=== Begin Enclosure ===

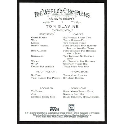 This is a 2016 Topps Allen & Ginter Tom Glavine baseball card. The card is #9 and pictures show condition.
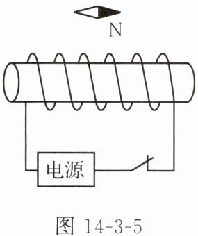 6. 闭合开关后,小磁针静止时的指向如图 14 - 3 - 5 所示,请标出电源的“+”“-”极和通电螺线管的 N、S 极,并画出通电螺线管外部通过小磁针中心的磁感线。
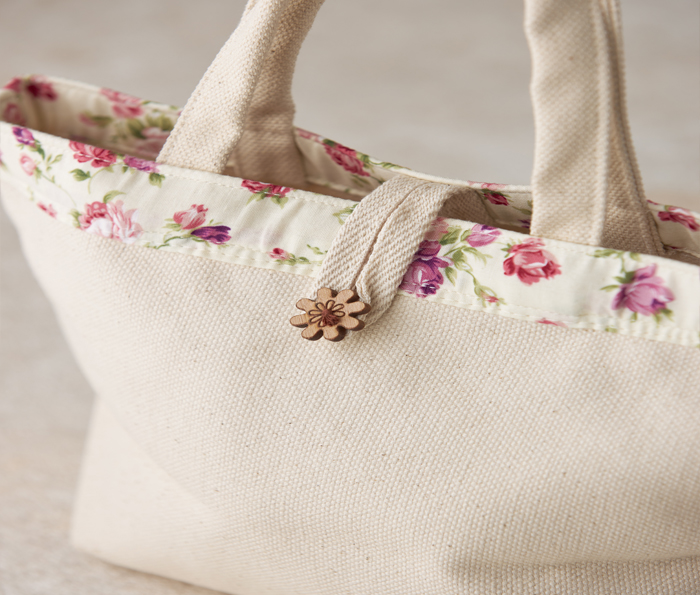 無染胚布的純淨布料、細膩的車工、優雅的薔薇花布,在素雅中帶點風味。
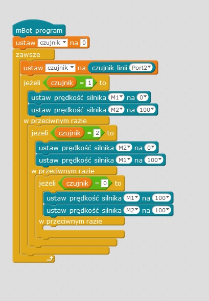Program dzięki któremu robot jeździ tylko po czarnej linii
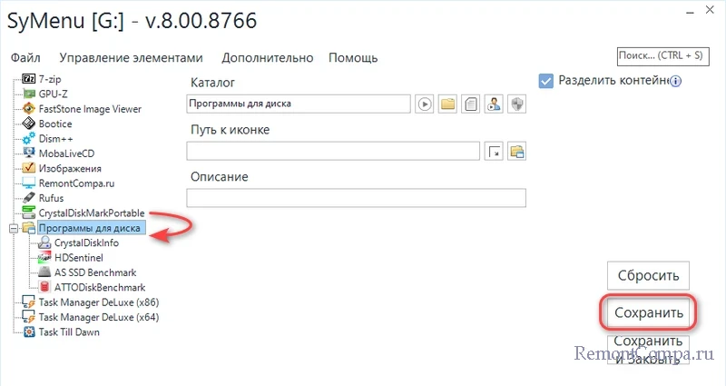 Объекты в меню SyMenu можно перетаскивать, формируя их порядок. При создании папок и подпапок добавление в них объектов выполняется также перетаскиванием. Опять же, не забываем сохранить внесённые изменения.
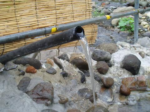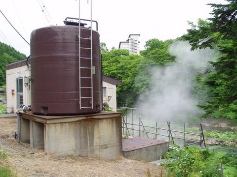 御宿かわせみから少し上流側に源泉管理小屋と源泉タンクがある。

=== End Enclosure ===

**EXERCISE DETAILS**
The range runs from the line containing "Объекты в меню" through the end of the entries; print those lines exactly and leave the pictures out.

**ANSWER**
 Объекты в меню SyMenu можно перетаскивать, формируя их порядок. При создании папок и подпапок добавление в них объектов выполняется также перетаскиванием. Опять же, не забываем сохранить внесённые изменения.
 御宿かわせみから少し上流側に源泉管理小屋と源泉タンクがある。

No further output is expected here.